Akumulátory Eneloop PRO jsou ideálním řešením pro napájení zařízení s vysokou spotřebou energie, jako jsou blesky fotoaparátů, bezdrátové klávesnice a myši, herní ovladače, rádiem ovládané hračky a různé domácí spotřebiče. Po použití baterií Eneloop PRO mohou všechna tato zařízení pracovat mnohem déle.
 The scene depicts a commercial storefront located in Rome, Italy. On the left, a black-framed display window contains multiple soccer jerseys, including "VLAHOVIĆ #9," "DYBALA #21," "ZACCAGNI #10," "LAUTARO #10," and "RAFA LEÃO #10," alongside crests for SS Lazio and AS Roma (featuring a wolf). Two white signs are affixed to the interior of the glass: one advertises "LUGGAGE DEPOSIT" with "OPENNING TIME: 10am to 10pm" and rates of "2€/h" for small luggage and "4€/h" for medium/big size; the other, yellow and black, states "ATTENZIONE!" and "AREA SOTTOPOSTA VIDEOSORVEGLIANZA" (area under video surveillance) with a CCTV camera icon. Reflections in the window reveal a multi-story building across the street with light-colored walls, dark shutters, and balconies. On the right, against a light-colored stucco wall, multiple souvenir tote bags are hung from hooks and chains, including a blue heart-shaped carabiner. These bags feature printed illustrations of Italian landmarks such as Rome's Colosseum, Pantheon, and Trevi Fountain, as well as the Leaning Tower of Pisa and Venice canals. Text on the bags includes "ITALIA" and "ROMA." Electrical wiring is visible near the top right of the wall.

- - - -

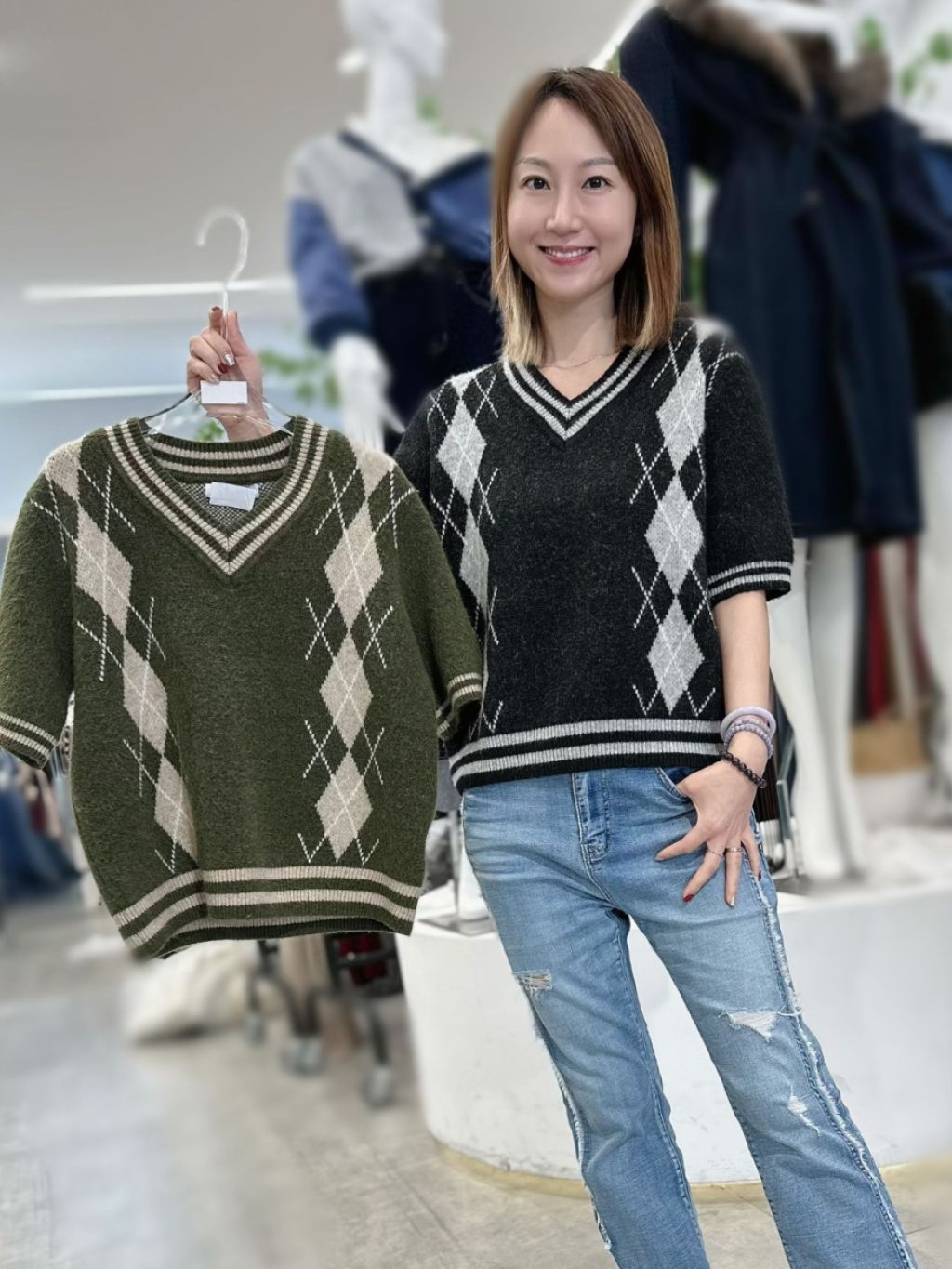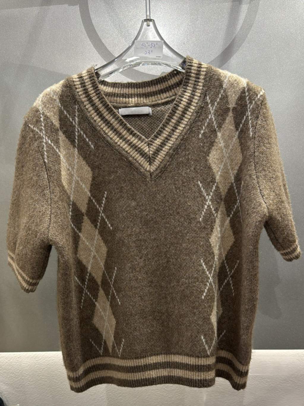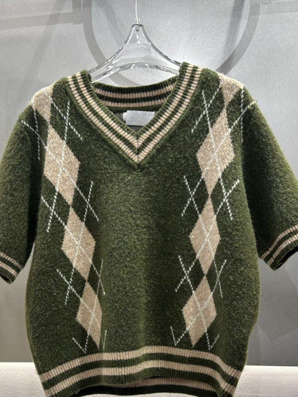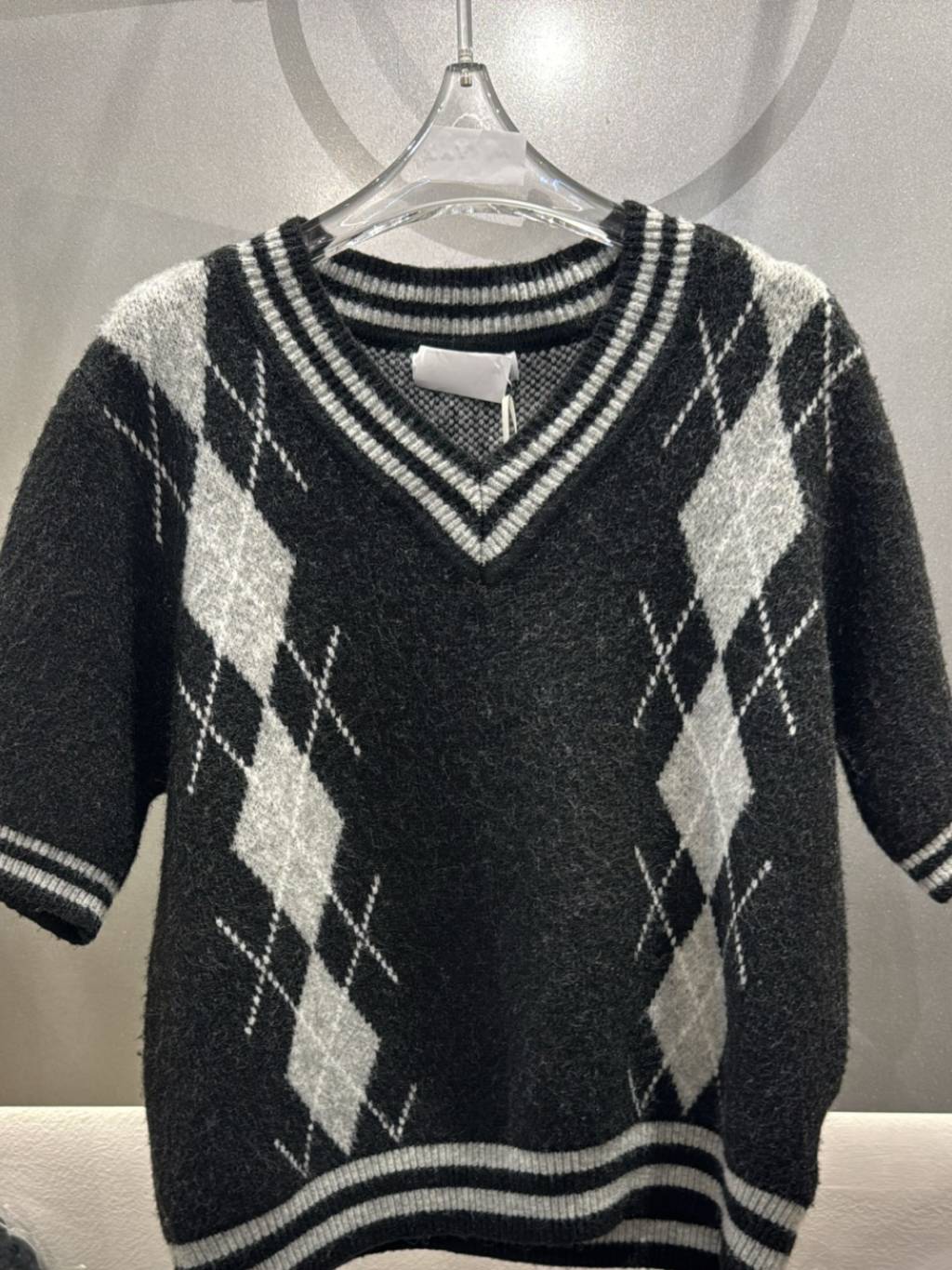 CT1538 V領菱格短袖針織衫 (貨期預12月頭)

- - - -

YOUR ASSIGNMENT: In the data above, which lines lie between the line with "Akumulátory Eneloop PRO" and the line with "The scene depicts", inclusive? Print those lines exactly and nothing else.

THE COMPLETED TASK:
Akumulátory Eneloop PRO jsou ideálním řešením pro napájení zařízení s vysokou spotřebou energie, jako jsou blesky fotoaparátů, bezdrátové klávesnice a myši, herní ovladače, rádiem ovládané hračky a různé domácí spotřebiče. Po použití baterií Eneloop PRO mohou všechna tato zařízení pracovat mnohem déle.
 The scene depicts a commercial storefront located in Rome, Italy. On the left, a black-framed display window contains multiple soccer jerseys, including "VLAHOVIĆ #9," "DYBALA #21," "ZACCAGNI #10," "LAUTARO #10," and "RAFA LEÃO #10," alongside crests for SS Lazio and AS Roma (featuring a wolf). Two white signs are affixed to the interior of the glass: one advertises "LUGGAGE DEPOSIT" with "OPENNING TIME: 10am to 10pm" and rates of "2€/h" for small luggage and "4€/h" for medium/big size; the other, yellow and black, states "ATTENZIONE!" and "AREA SOTTOPOSTA VIDEOSORVEGLIANZA" (area under video surveillance) with a CCTV camera icon. Reflections in the window reveal a multi-story building across the street with light-colored walls, dark shutters, and balconies. On the right, against a light-colored stucco wall, multiple souvenir tote bags are hung from hooks and chains, including a blue heart-shaped carabiner. These bags feature printed illustrations of Italian landmarks such as Rome's Colosseum, Pantheon, and Trevi Fountain, as well as the Leaning Tower of Pisa and Venice canals. Text on the bags includes "ITALIA" and "ROMA." Electrical wiring is visible near the top right of the wall.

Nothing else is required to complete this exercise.